*Problem requirements*. Would you please restate the data exactly as it stands, apart from the pictures?

**** Data below ****

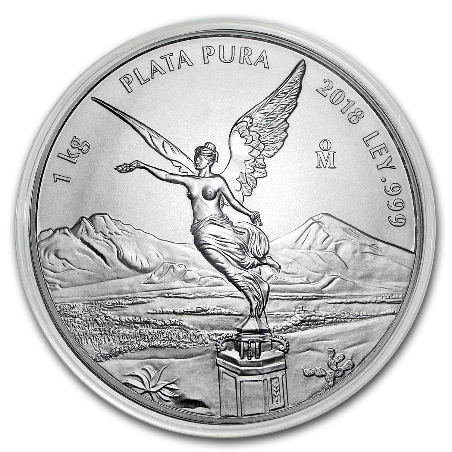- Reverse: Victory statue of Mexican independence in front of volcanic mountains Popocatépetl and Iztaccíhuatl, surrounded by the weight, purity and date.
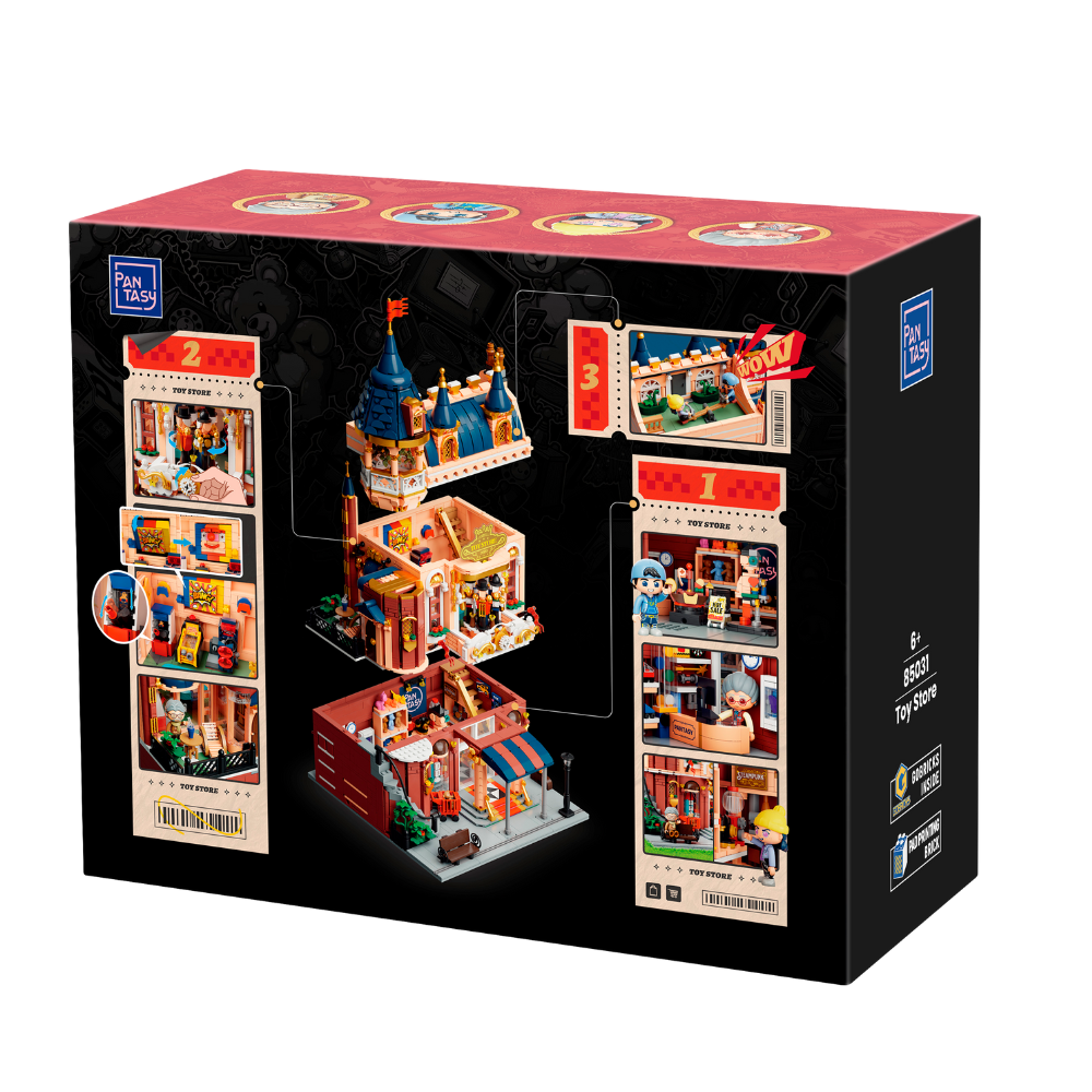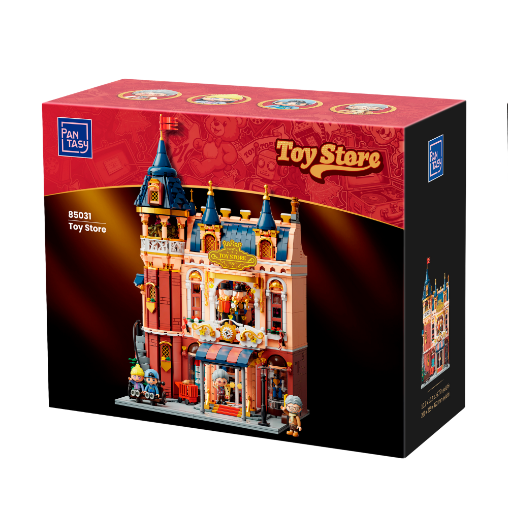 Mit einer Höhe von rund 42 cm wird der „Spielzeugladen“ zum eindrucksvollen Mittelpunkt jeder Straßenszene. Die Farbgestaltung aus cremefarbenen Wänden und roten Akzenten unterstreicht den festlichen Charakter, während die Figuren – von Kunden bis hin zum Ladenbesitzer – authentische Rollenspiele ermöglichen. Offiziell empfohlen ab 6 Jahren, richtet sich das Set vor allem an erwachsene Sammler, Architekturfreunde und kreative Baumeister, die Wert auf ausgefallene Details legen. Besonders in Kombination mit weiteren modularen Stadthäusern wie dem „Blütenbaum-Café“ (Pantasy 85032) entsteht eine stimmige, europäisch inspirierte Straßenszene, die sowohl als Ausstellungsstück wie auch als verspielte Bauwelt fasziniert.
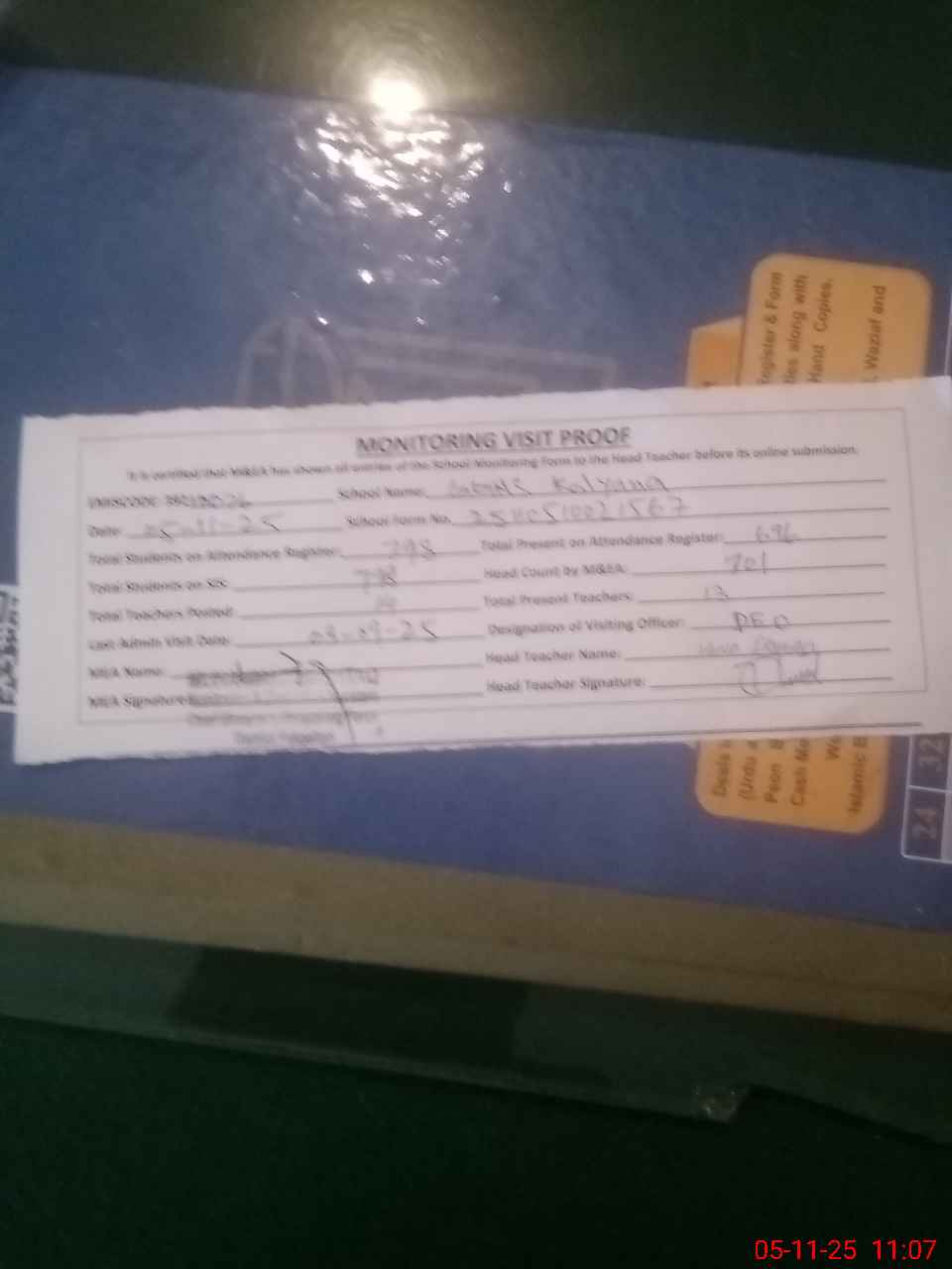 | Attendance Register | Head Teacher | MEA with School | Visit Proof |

****

*Response below*.
- Reverse: Victory statue of Mexican independence in front of volcanic mountains Popocatépetl and Iztaccíhuatl, surrounded by the weight, purity and date.
 Mit einer Höhe von rund 42 cm wird der „Spielzeugladen“ zum eindrucksvollen Mittelpunkt jeder Straßenszene. Die Farbgestaltung aus cremefarbenen Wänden und roten Akzenten unterstreicht den festlichen Charakter, während die Figuren – von Kunden bis hin zum Ladenbesitzer – authentische Rollenspiele ermöglichen. Offiziell empfohlen ab 6 Jahren, richtet sich das Set vor allem an erwachsene Sammler, Architekturfreunde und kreative Baumeister, die Wert auf ausgefallene Details legen. Besonders in Kombination mit weiteren modularen Stadthäusern wie dem „Blütenbaum-Café“ (Pantasy 85032) entsteht eine stimmige, europäisch inspirierte Straßenszene, die sowohl als Ausstellungsstück wie auch als verspielte Bauwelt fasziniert.
 | Attendance Register | Head Teacher | MEA with School | Visit Proof |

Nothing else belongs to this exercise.